Howard S. Bugbee v. Commissioner
34 T.C.M. 291 (Tax Ct. 1975)
Bugbee was friends with
Billings. They talked about various business ventures, and over the years
Bugbee gave Billings loans of almost $20k to investigate business
prospects. But Billings was a deadbeat who never followed through on any
prospects and never repaid the money.
Bugbee had IOUs from
Billings claiming that he'd repay with interest, but he never did.
When he filed his taxes,
Bugbee reported the $20k as a short-term capital loss (under 26 U.S.C. §166), and used
it to offset some capital gains he had that year.
The IRS denied the claim.
Bugbee appealed.
The IRS argued that Bugbee
hadn't established that the money he gave Billings was a loan, it could
have just been a gift. In addition, since the 'loans' were unsecured,
Bugbee did not have an expectation that he would be repaid.
In order to count as a bad
debt short-term capital loss,
Bugbee would have to show evidence that he was in a debtor-creditor
relationship with Billings.
The Tax Court found for Bugbee
and allowed him to claim the short-term capital loss.

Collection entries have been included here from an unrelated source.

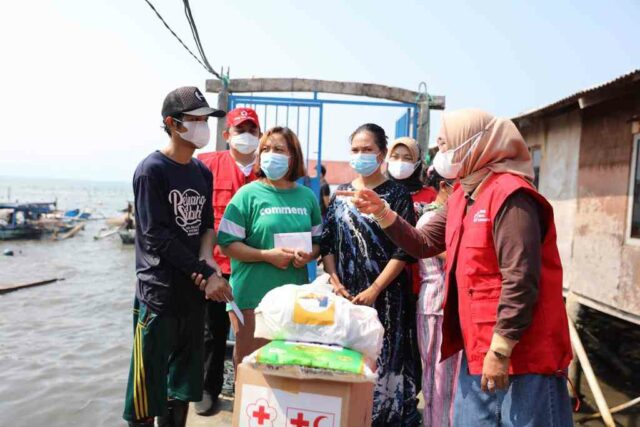 Onlinekoe.com, BANDAR LAMPUNG — Ketua Palang Merah Indonesia (PMI) Provinsi Lampung Ibu Riana Sari Arinal membagikan sejumlah paket bantuan kepada korban bencana ombak pasang, di Kelurahan Kangkung, Kecamatan Bumi Waras, Bandarlampung, Jum’at (30/7/2021).
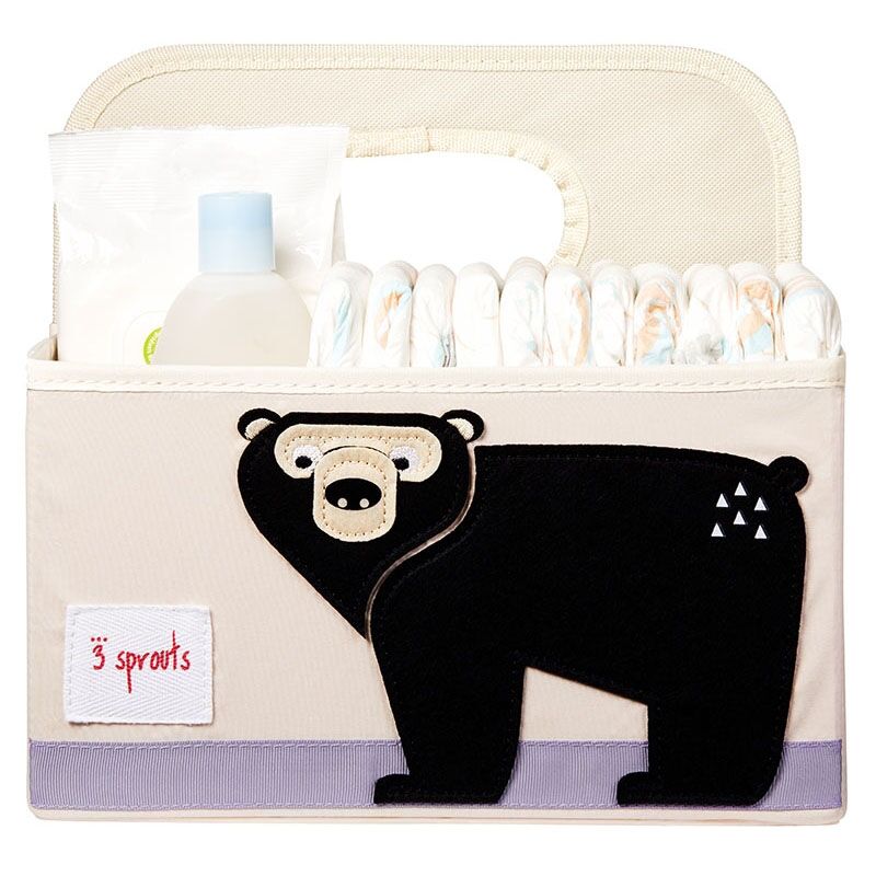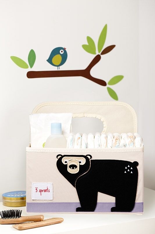 Mit der 3 sprouts Windelutensilo Bär haben unschöne Windelberge am Wickeltisch ein Ende. Alles was am Wickeltisch gebraucht wird findet seinen Platz. Oben offen, sind alle Sachen praktisch mit einer Hand zu greifbar. Der Tragegriff erlaubt auch kurzfristige und schnelle Ortswechsel ohne, dass etwas vergessen wird. Zusätzlich sieht das Windelutensilo mit dem süssen Bär Motiv auch noch noch sehr dekorativ aus.
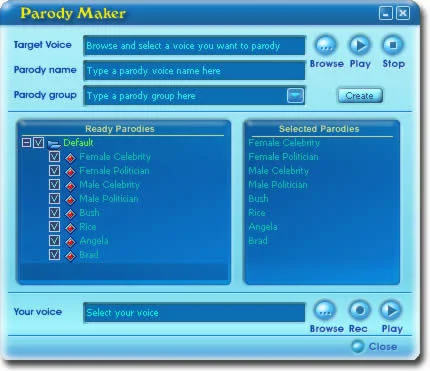 Voice Changer Software может создать разные голоса для фильмов, аудиоклипов и презентаций. Она может записать ваш измененный голос в реальном времени или изменить уже записанный аудиофайл. Поддерживается запись голоса из потоковых аудио- и видеоисточников. Программа совместима со всеми аудиоплеерами: Windows Media Player, Winamp, RealOne Player, Music Match, Music Jukebox, PowerDVD, WinDVD, Zoom Player, BlazeDVD, Hero DVD Player, а также караоке-проигрывателями и Интернет-радио.
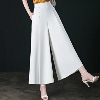 Look at this pants! The high-rise waist adds a classic and timeless element, while the wide-leg silhouette creates a stylish and sophisticated look. Featuring button detailing on the front, these pants add a unique and eye-catching element. Wanna have a try?
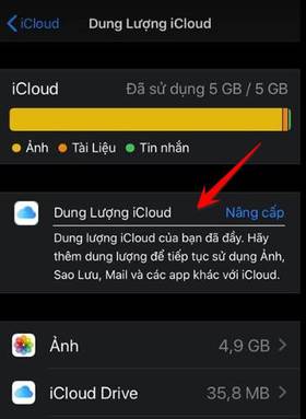 Bước 3: Nhấn vào Dung lượng iCloud để xem gói hiện tại.
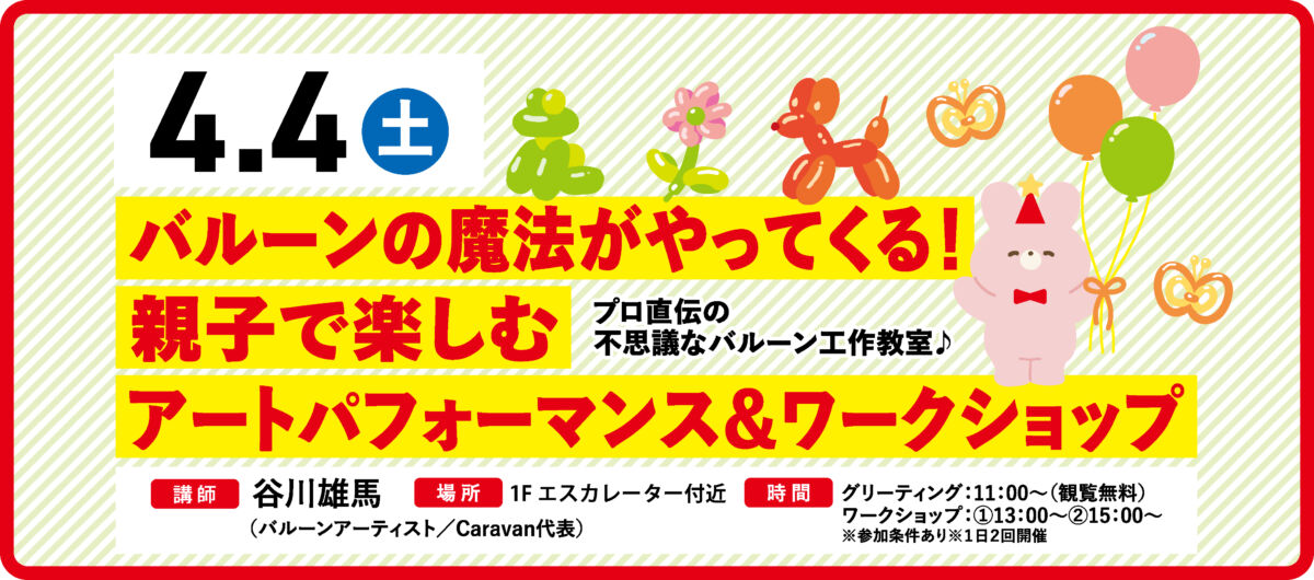 【4/4(土)】バルーンの魔法がやってくる!親子で楽しむアートパフォーマンス&ワークショップ
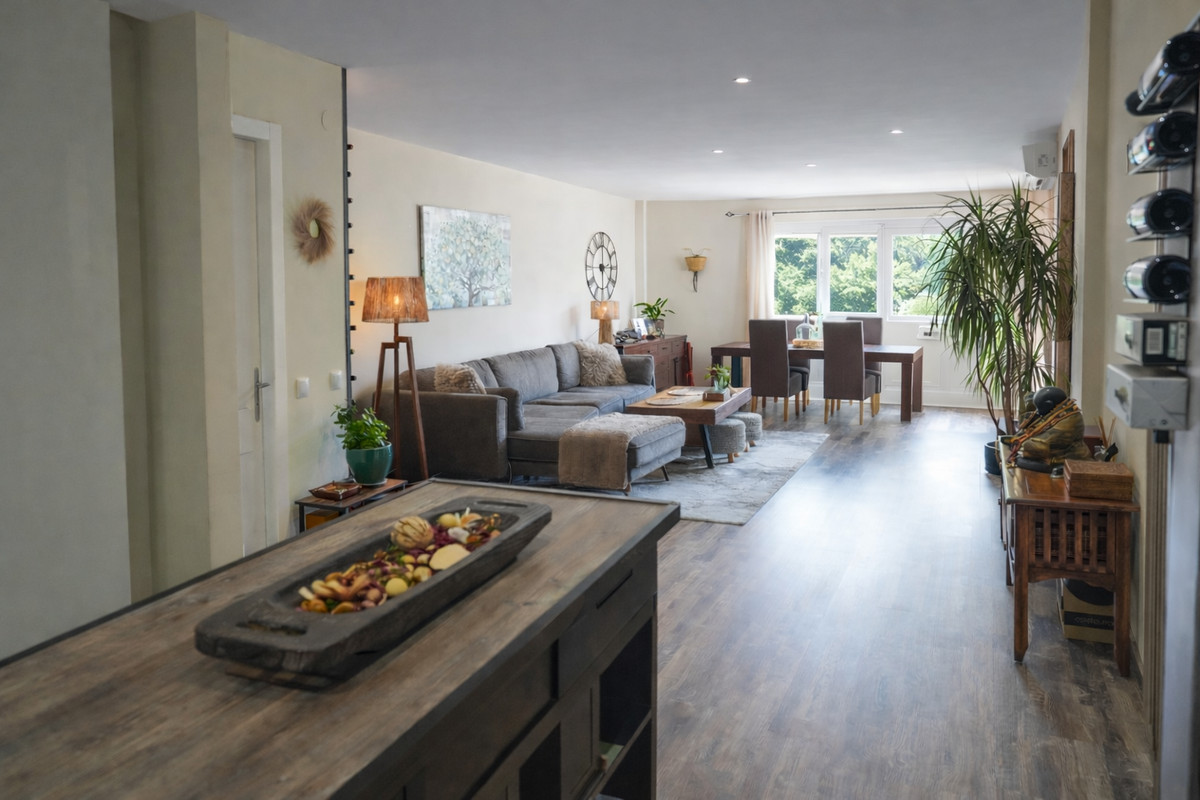 L'intérieur de l'appartement est agencé avec soin et comprend un salon spacieux et une salle à manger séparée, tous deux meublés avec goût. La cuisine entièrement équipée ravira les passionnés de cuisine, tandis que la climatisation et le chauffage central garantissent un confort optimal en toute saison. Des placards intégrés offrent un espace de rangement généreux, et l'agencement général allie fonctionnalité et élégance.
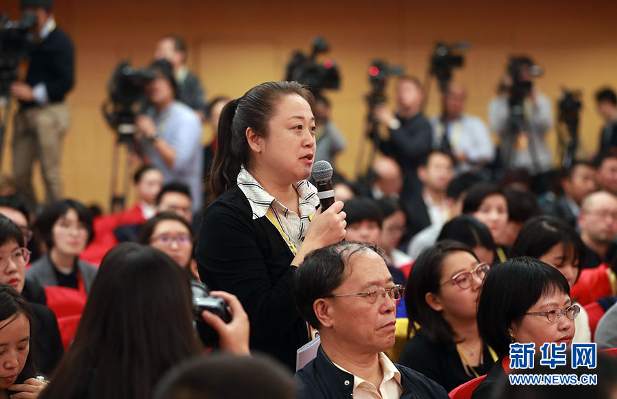 ??? 10月20日,十九大新聞中心舉行記者會,邀請中宣部、中央文明辦、文化部、新聞出版廣電總局相關負責人介紹加強思想道德和文化建設情況,并回答記者提問。圖為中央人民廣播電臺記者提問。新華網 郝廣鵬 攝
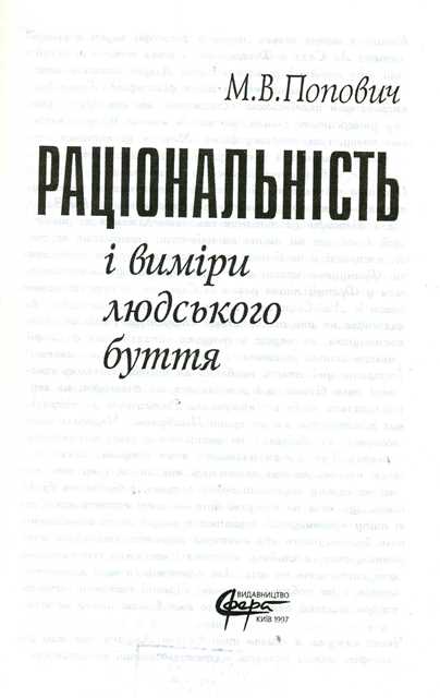 14. Раціональність і виміри людського буття / М. В. Попович. – Київ : Сфера, 1997. – 290 с.
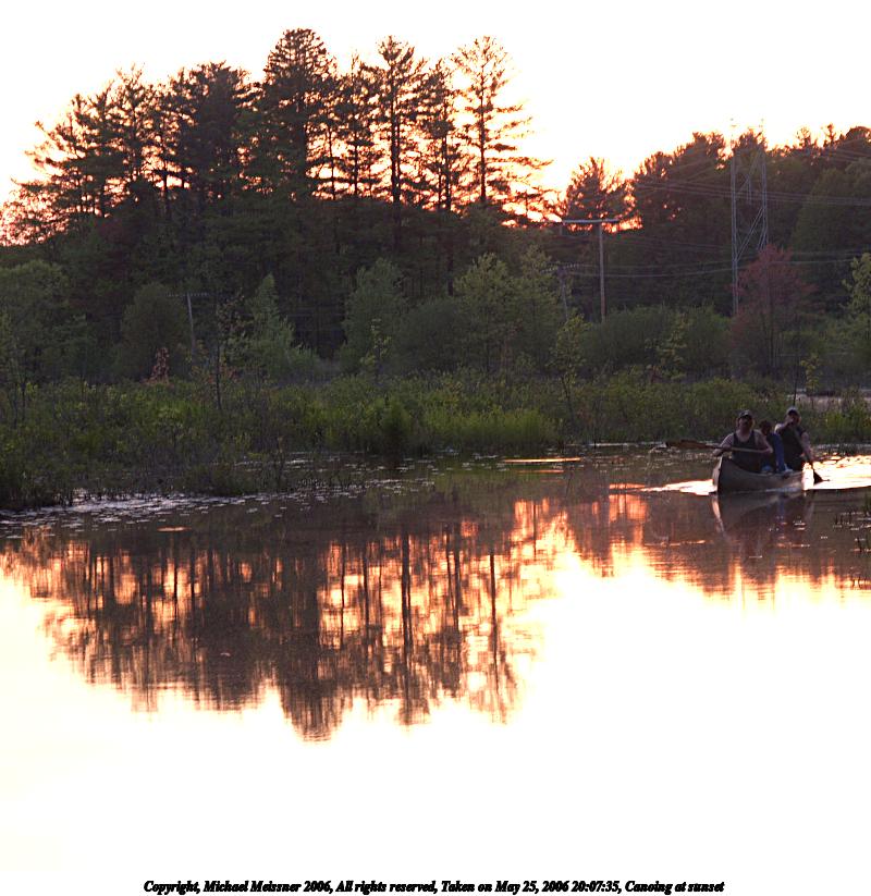 Picture #27: Sunset over Spectacle Pond #4 640x503, 49,755 bytes (49K), (html file) Copyright, Michael Meissner 2006, All rights reserved Olympus E-1 camera with Olympus 50-200mm f/2.8-3.5 lens f/7.1, ISO 100, 1/640 sec, 50.0mm, auto mode, SHQ, matrix metering, +2 sharpening 35mm equivalent focal length 100.0mm Taken by Michael Meissner on May 25, 2006 19:49:17 Last modified on May 25, 2006 at 23:40 This picture is one of my favorites. |

The Tax Court noted that to
qualify under §166 there must
first be a bona fide debt that arises from a debtor-creditor relationship
upon a valid and enforceable obligation to pay a fixed and determinable
sum of money.
Basically, the Court weighed
the evidence and found that although Bugbee was friends with Billings,
and Billings was objectively unlikely to ever pay him back, Bugbee
subjectively believed that he would be paid back.
Therefore, Bugbee satisfied
the condition that a debtor-creditor relationship had been established.